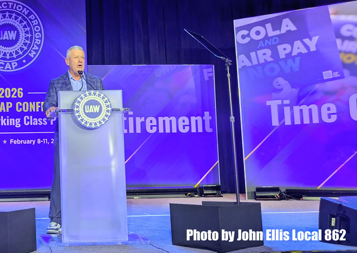 The conference continued on Monday February 9, 2026, with an address from UAW President Shawn Fain. All three International UAW Vice Presidents Laura Dickerson, Mike Booth and Rich Boyer spoke on the importance of retirement security for our members and the working class as a whole.
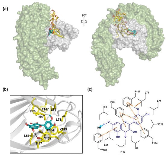 To understand the interaction between isorhamnetin and MD-2 at the molecular level, a binding model of isorhamnetin to MD-2 was determined by a docking simulation. A model of the binding between isorhamnetin and MD-2 shows that isorhamnetin was inserted into the hydrophobic binding pocket of MD-2, which is a part of the LPS-binding site (Figure 5a). Isorhamnetin also exhibits extensive hydrophobic interactions with MD-2. Further, the 3′-OCH3 of isorhamnetin bound to the deep hydrophobic pocket of MD-2, forming hydrophobic interactions with Leu74 and Phe147. The B ring is also shown to form two pi–pi interactions with Phe104 and Phe147, whereas Tyr102 forms pi–pi interactions with the A ring. Furthermore, pi interactions were observed between the C ring of isorhamnetin and Leu61 and Ile117, with one between the B ring and I63, L71, L74 and V113, as shown in the two-dimensional plots of Figure 5b,c. Therefore, isorhamnetin displays extensive hydrophobic interactions with the hydrophobic pockets of MD-2, resulting in a tight binding affinity. Furthermore, 7–OH of isorhamnetin forms a hydrogen bond with Tyr102. It was reported that xanthohumol and curcumin also exhibit the same interactions with Tyr102 of MD-2 [,]. Docking studies and mutation studies of R90A and Y102A show that Arg90 and Tyr102 are the crucial residues required for the recognition process during inhibitor binding to the MD-2 protein [,,]. These results confirm that Tyr102 might be the crucial residue required for binding between isorhamnetin and MD-2.
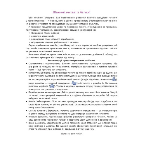 Швидкочитання. 3 клас 978-617-8387-84-6 Посібник створено для учнів 3 класу, які прагнуть удосконалити навички швидкого і свідомого читання. Поступове ускладнення оригінальних текстів сприяє підвищенню темпу читання, розвитку артикуляції та розширенню зорового сприймання. Завдання на глибоке розуміння прочитаного, аналіз змісту, встановлення логічних зв’язків і виявлення прихованих сенсів допомагають сформувати у дитини навички критичного мислення. Творчі вправи мотивують до фантазування, переосмислення тексту та мовленнєвого розвитку. Посібник стане надійним помічником як для самостійного нав­чання, так і для роботи вчителя на уроці.
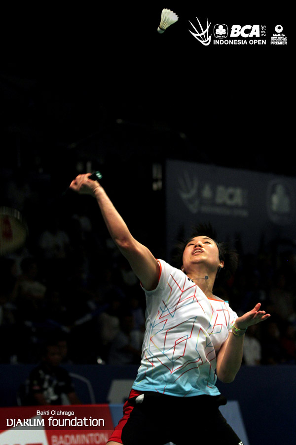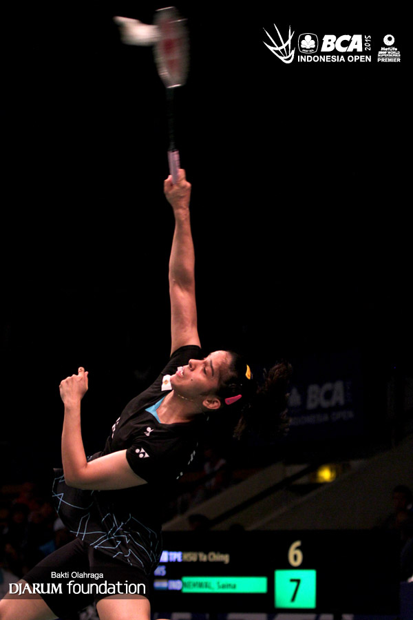 Saina Nehwal (India) melepaskan smash ke arah Hsu Ya Ching (China Taipei).
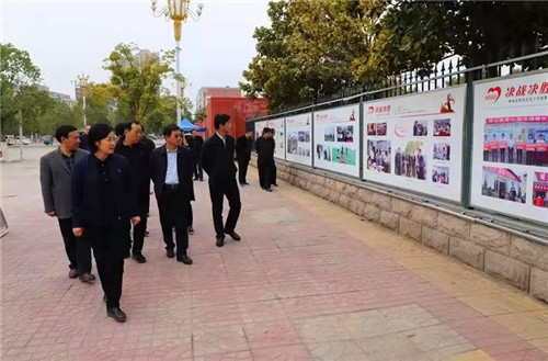 11月14日下午,鄲城縣委書記羅文閣等縣四個(gè)班子領(lǐng)導(dǎo)一行到縣世紀(jì)廣場共同觀看《決戰(zhàn)決勝---鄲城縣脫貧攻堅(jiān)工作攝影》展。
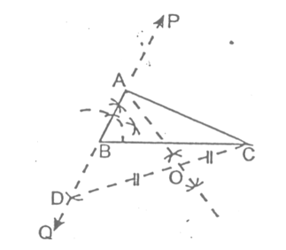 - With B as centre and any suitable radius, draw an arc which cuts BC at point D.
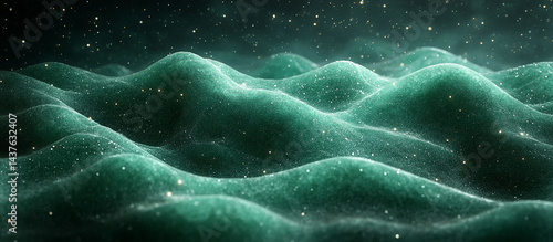 Abstract teal textured landscape with sparkling particles.
================================
▶ **What you have to do**
Without any of its images, the data above should be returned exactly.

▶ **Task response**
 The conference continued on Monday February 9, 2026, with an address from UAW President Shawn Fain. All three International UAW Vice Presidents Laura Dickerson, Mike Booth and Rich Boyer spoke on the importance of retirement security for our members and the working class as a whole.
 To understand the interaction between isorhamnetin and MD-2 at the molecular level, a binding model of isorhamnetin to MD-2 was determined by a docking simulation. A model of the binding between isorhamnetin and MD-2 shows that isorhamnetin was inserted into the hydrophobic binding pocket of MD-2, which is a part of the LPS-binding site (Figure 5a). Isorhamnetin also exhibits extensive hydrophobic interactions with MD-2. Further, the 3′-OCH3 of isorhamnetin bound to the deep hydrophobic pocket of MD-2, forming hydrophobic interactions with Leu74 and Phe147. The B ring is also shown to form two pi–pi interactions with Phe104 and Phe147, whereas Tyr102 forms pi–pi interactions with the A ring. Furthermore, pi interactions were observed between the C ring of isorhamnetin and Leu61 and Ile117, with one between the B ring and I63, L71, L74 and V113, as shown in the two-dimensional plots of Figure 5b,c. Therefore, isorhamnetin displays extensive hydrophobic interactions with the hydrophobic pockets of MD-2, resulting in a tight binding affinity. Furthermore, 7–OH of isorhamnetin forms a hydrogen bond with Tyr102. It was reported that xanthohumol and curcumin also exhibit the same interactions with Tyr102 of MD-2 [,]. Docking studies and mutation studies of R90A and Y102A show that Arg90 and Tyr102 are the crucial residues required for the recognition process during inhibitor binding to the MD-2 protein [,,]. These results confirm that Tyr102 might be the crucial residue required for binding between isorhamnetin and MD-2.
 Швидкочитання. 3 клас 978-617-8387-84-6 Посібник створено для учнів 3 класу, які прагнуть удосконалити навички швидкого і свідомого читання. Поступове ускладнення оригінальних текстів сприяє підвищенню темпу читання, розвитку артикуляції та розширенню зорового сприймання. Завдання на глибоке розуміння прочитаного, аналіз змісту, встановлення логічних зв’язків і виявлення прихованих сенсів допомагають сформувати у дитини навички критичного мислення. Творчі вправи мотивують до фантазування, переосмислення тексту та мовленнєвого розвитку. Посібник стане надійним помічником як для самостійного нав­чання, так і для роботи вчителя на уроці.
 Saina Nehwal (India) melepaskan smash ke arah Hsu Ya Ching (China Taipei).
 11月14日下午,鄲城縣委書記羅文閣等縣四個(gè)班子領(lǐng)導(dǎo)一行到縣世紀(jì)廣場共同觀看《決戰(zhàn)決勝---鄲城縣脫貧攻堅(jiān)工作攝影》展。
 - With B as centre and any suitable radius, draw an arc which cuts BC at point D.
 Abstract teal textured landscape with sparkling particles.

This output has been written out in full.